É lógico que todo esse vigor em atuar com a alma não deve vir apenas desta ânsia em enfrentar novos desafios. Nascida no Belenzinho, esta aquariana tem provado que a família contribuiu muito para o seu sucesso. Embora a família nunca tivesse sido rica, Christiane afirma que materialmente nunca tinha lhe faltado nada. Sua mãe e suas tias sempre se vestiram divinamente bem e sua avó, que era modista, cheirava o tecido como perfume antes de trabalhá-lo e o cortava sem modelagem, no olho, igual jogador de sinuca, assim, a atriz afirma meu background era essa magia toda. E fora disso, nada me fez falta na vida, jamais. Para mim, o que não pode faltar é a poesia. E o amor.
Toda essa característica zen de Christiane é resultado de muita obstinação. La Torloni tem se mostrado uma vencedora em toda essa sua talentosa carreira. E uma explicação para todo esse desempenho pode ser esta afirmação da atriz Acredito totalmente no destino e sou condutora dele.
Embora não tenha uma religião específica, ao longo dos anos, Christiane tem tido muito contato com o misticismo em seus trabalhos. Por isso afirma que faz meditação duas vezes por dia, uma maneira de se recolher quando não está bem, como os bichos. Acredito que Deus está em todos os lugares e não emparedado dentro de uma única religião. A morada do senhor não é apenas a Igreja, mas em todos os lugares e, também nas pessoas.
Definir Christiane Torloni com uma palavra apenas seria uma tarefa impossível, no entanto, existem algumas que dão idéia do que tem sido esta atriz: talentosa, sensível, audaciosa, forte, profissional, inteligente, bonita e feliz. Essa felicidade que a atriz demonstra a cada nova entrevista pode ser a resposta de um relacionamento bastante estável que Christiane tem vivido com o diretor Ignácio Coqueiro, há mais de dois anos.

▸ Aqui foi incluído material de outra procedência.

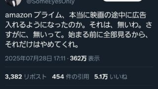 嫌儲 アマプラ、広告出るようになってユーザーが大激怒してしまうwwwwwwww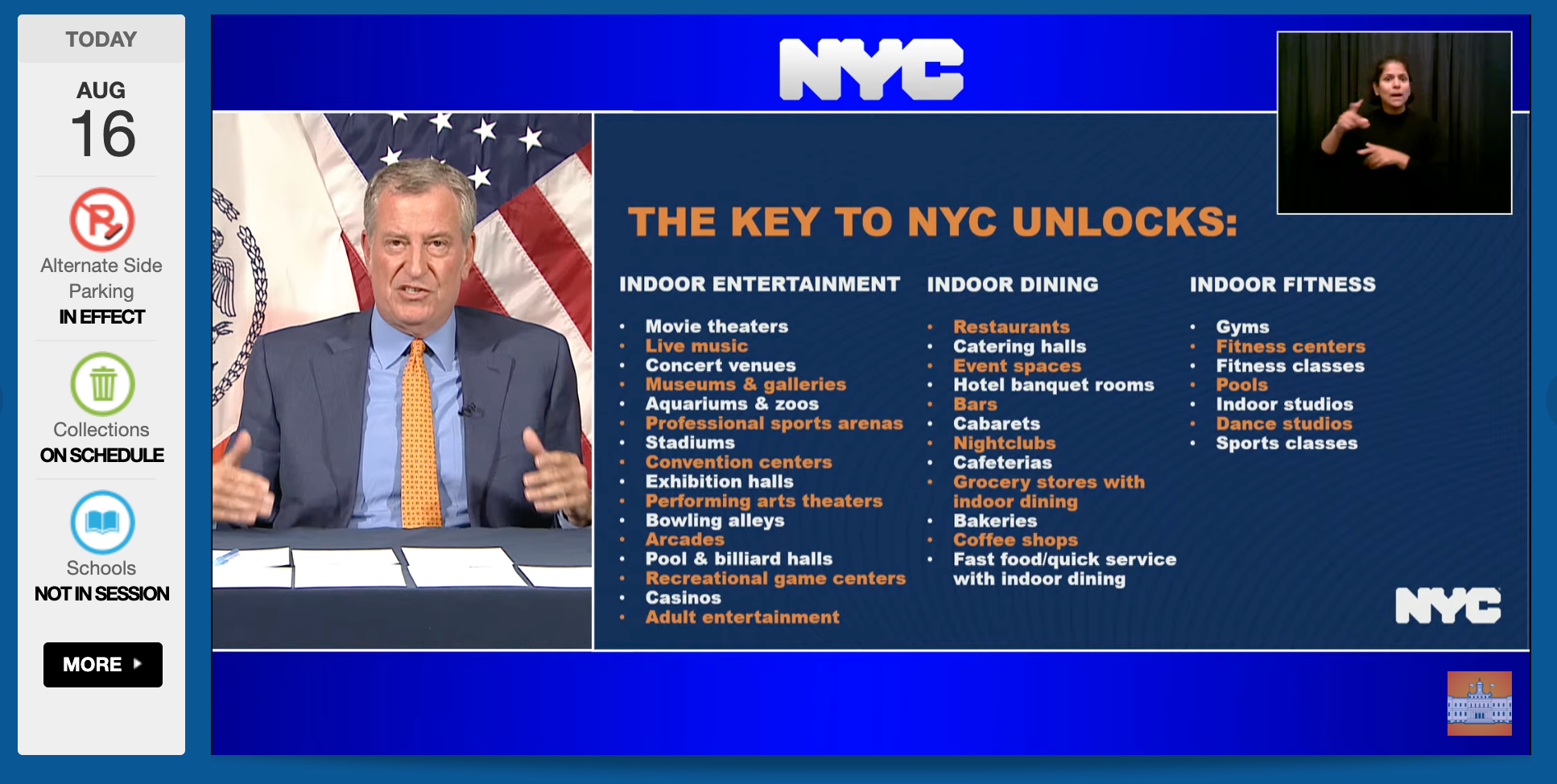 Earlier this month, Mayor Bill de Blasio announced his new “Key to NYC Pass" plan, which will require proof of at least one vaccine dosebefore enteringindoor dining, gyms, and performance venues; in a press conference this morning, he confirmed the city's cultural organizations are also included. The mandate goes into effect today, but will not be enforced with penalties until the week of September 13. Failure to comply with the new policy will result in a $1,000 fine; with each offense, the fee will increase.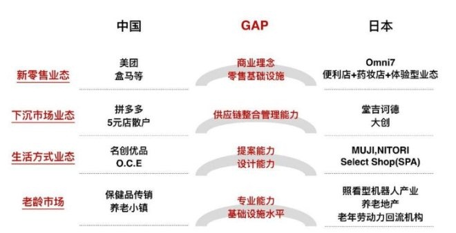 最后用一张图来总结下中国和日本目前的差距,主要的差距体现在四个部分:新零售业态、下沉市场业态、生活方式业态和老龄市场,分别对应的不足是:商业理念和零售基础设施、供应链整合管理能力(上面讲的大创)、提案和设计能力,以及专业能力和基础设施水平。

Não agüento as pessoas que ficam testanto o poder sobre o outro. Quero crescer ao lado do Ig; ele combina com meu lado moleque, confessa a atriz à revista Caras, 1998. Com Ignácio, Christiane afirma que não quer se casar, na verdade quer namorar, sempre, cada um tendo a sua casa. Talvez essa decisão tenha acontecido em decorrência dos 3 casamentos que a atriz teve, o primeiro, com o ator e diretor Dênnis Carvalho, o segundo, com o psicanalista, Eduardo Mascarenhas e o terceiro, com o artista plástico Luiz Pizarro.

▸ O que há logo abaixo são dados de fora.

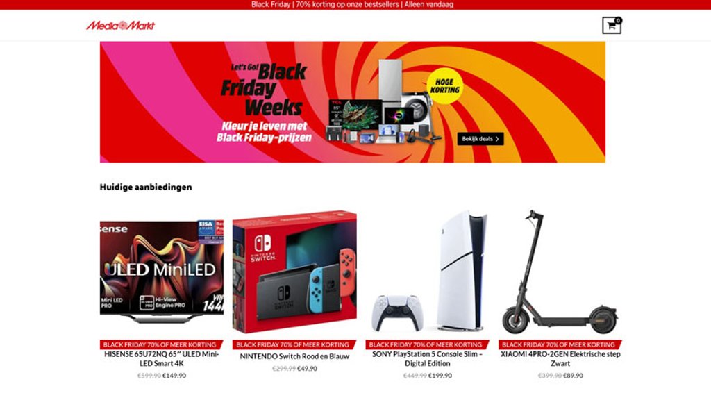 Webshop 'nl-mediamarkt.com' gebruikt precies dezelfde Black Friday afbeelding op zijn website als de legitieme webwinkel van Media Markt, 'mediamarkt.nl'. Op de namaak website wordt bovendien gestrooid met kortingen van zeventig procent op bestsellers. Alleen vandaag kun je zogenaamd een Nintendo Switch van tweehonderd euro voor vijftig euro kopen of een Sony Playstation 5 console van vierhonderd euro voor tweehonderd euro. Laat je niet verleiden, want de politie ontving meerdere meldingen over deze nepwebshop.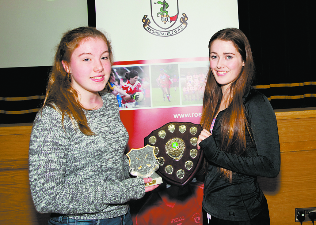 U14 Camogie Player of the Year Orla McEvoy with Megan Kerr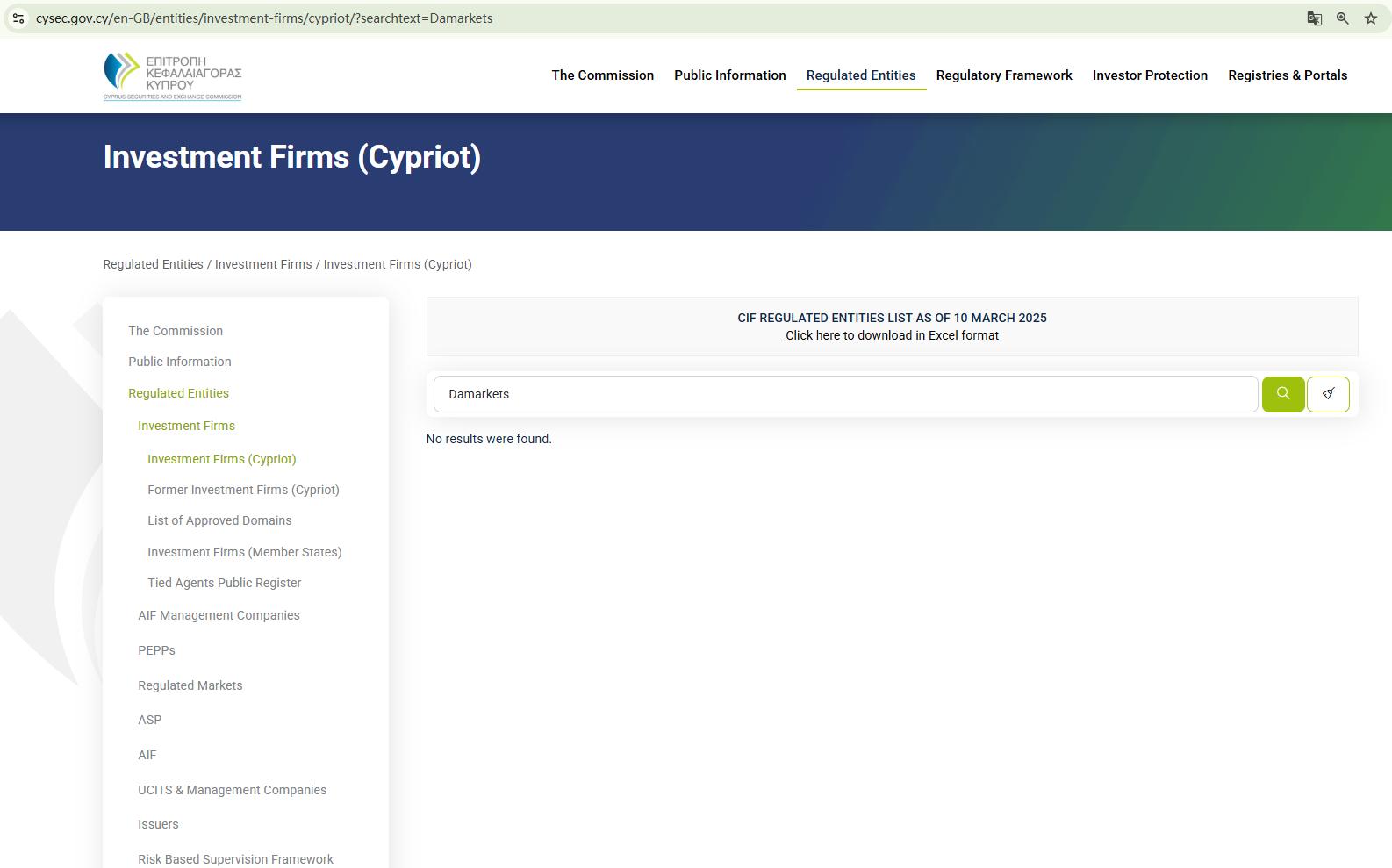 Additionally, we conducted a search of the official register of the Cyprus Securities and Exchange Commission (CySEC) using all available information, but found no record of Damarkets Ltd. or any related company. The absence of regulation is a significant red flag for a potentially fraudulent operation. Therefore, we strongly advise you not to share personal information or deposit funds with this platform.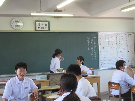6月12日(水曜) 今月末に開催される生徒総会に向けて、 より良い学校生活となるように各クラスで改善点や行事の企画を話し合っています。 今日は第1回目の話し合いでした。 学級委員が中心となって話し合いを進め、全校の各クラスで活発な話し合いが行われました。 本日のテーマは「みんなが楽しい学校へ みんなで体を動かそう」でした。 カテゴリー: 活動紹介生徒会活動1年部2年部3年部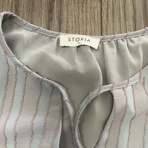 Storia Ruched Ruffle Pastel Stripe Dress Small
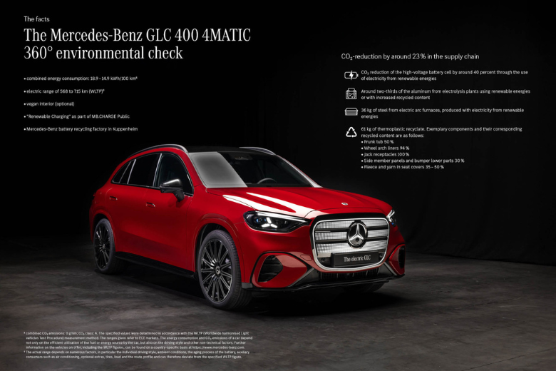 • As emissões de produção são reduzidas em 23% graças à utilização de baterias, alumínio e aço com menor pegada carbónica, ao aumento do uso de termoplásticos reciclados e ao recurso a energia renovável na fábrica de Bremen, onde o GLC elétrico é produzido
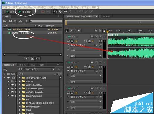5、在多轨界面双击刚才拖到轨道上的音乐,如图。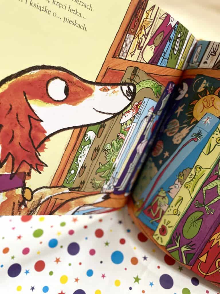 I tu pojawia się najpiękniejszy moment, bo pies nie tylko rozwiązuje zagadkę, ale też prowadzi wszystkich do miejsca, gdzie książek jest pełno i można je czytać zupełnie za darmo. Tak, idziemy do biblioteki!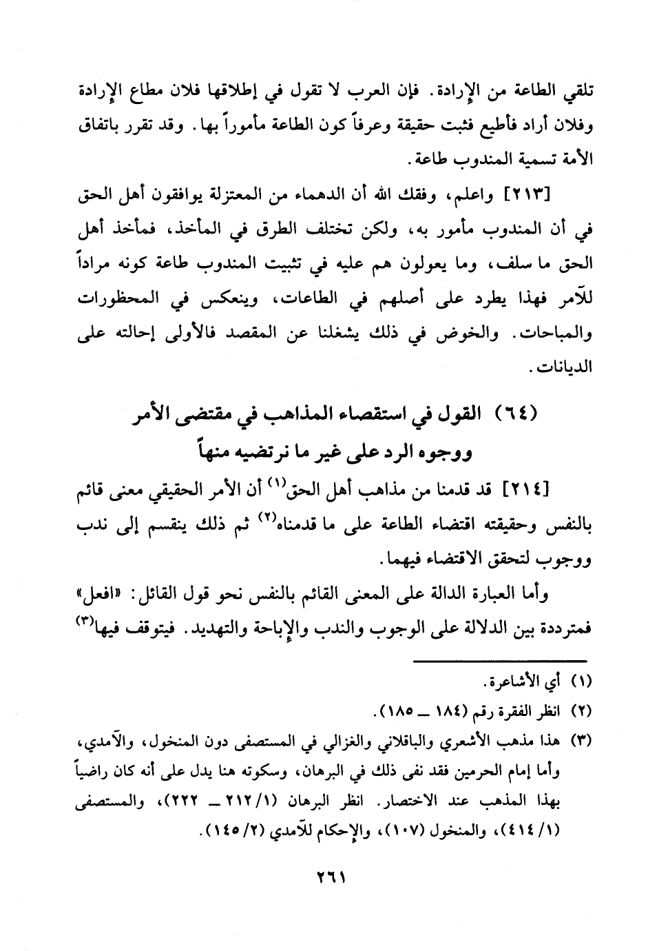 (64) القَوْل فِي استقصاء الْمذَاهب فِي مُقْتَضى الْأَمر ووجوه الرَّد على غير مَا نرتضيه مِنْهَا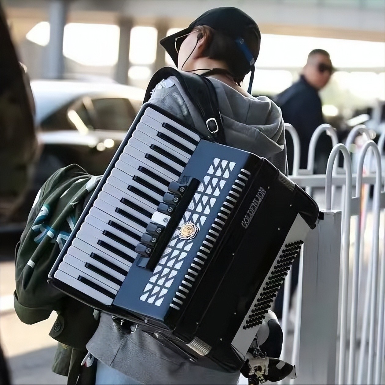 机场闲居可见她佩戴乐器或滑板,展现出特有个性魔力。

Quanto aos seus 40 anos, Christiane afirma que completar esta idade nunca lhe trouxe problema algum, ao contrário, faz questão de todos os dias que viveu, e não quer voltar nenhum. A passagem do tempo para a atriz é boa. A única crise que eu poderia ter era de felicidade. Está tudo maravilhoso na minha vida. Agora, é só esperar para dar boas vindas aos netos , afirma a atriz à revista Caras, 1998.

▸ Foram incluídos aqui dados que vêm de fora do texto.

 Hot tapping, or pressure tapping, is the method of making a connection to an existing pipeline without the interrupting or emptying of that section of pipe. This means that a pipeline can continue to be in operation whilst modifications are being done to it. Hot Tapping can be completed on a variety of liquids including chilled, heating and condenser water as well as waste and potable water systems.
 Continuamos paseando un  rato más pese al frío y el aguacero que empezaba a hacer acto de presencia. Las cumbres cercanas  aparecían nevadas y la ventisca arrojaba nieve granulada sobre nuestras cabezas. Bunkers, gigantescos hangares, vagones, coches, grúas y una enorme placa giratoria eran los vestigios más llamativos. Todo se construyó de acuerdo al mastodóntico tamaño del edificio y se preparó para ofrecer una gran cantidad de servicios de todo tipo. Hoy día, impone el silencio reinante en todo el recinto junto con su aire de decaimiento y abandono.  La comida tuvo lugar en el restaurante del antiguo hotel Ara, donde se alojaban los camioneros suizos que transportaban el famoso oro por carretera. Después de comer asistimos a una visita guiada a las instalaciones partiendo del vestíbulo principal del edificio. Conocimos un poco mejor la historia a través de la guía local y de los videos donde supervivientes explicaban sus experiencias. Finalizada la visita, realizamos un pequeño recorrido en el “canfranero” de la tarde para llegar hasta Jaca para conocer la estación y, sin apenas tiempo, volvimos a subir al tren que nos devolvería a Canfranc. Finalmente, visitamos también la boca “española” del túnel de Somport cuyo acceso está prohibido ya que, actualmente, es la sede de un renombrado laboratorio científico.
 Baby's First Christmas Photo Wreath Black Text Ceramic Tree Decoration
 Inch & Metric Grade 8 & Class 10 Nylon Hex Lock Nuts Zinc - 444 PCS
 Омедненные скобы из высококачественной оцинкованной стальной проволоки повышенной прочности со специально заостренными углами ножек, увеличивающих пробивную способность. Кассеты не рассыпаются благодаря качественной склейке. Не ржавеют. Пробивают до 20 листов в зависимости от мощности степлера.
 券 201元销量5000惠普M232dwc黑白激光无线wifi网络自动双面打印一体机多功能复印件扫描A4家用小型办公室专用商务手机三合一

Essa é um pouco da vida desta atriz que conquistou fãs em todos os lugares e que levou a produção desta página na Internet. Para definir a ânsia desta atriz durante todos esses anos de carreira e vida pessoal admiráveis só mesmo uma frase da própria estrela: O ideal é experimentar tudo. Namorar, noivar, casar, ter filhos, criá-los, casá-los, perdê-los. As pessoas têm de experimentar a vida.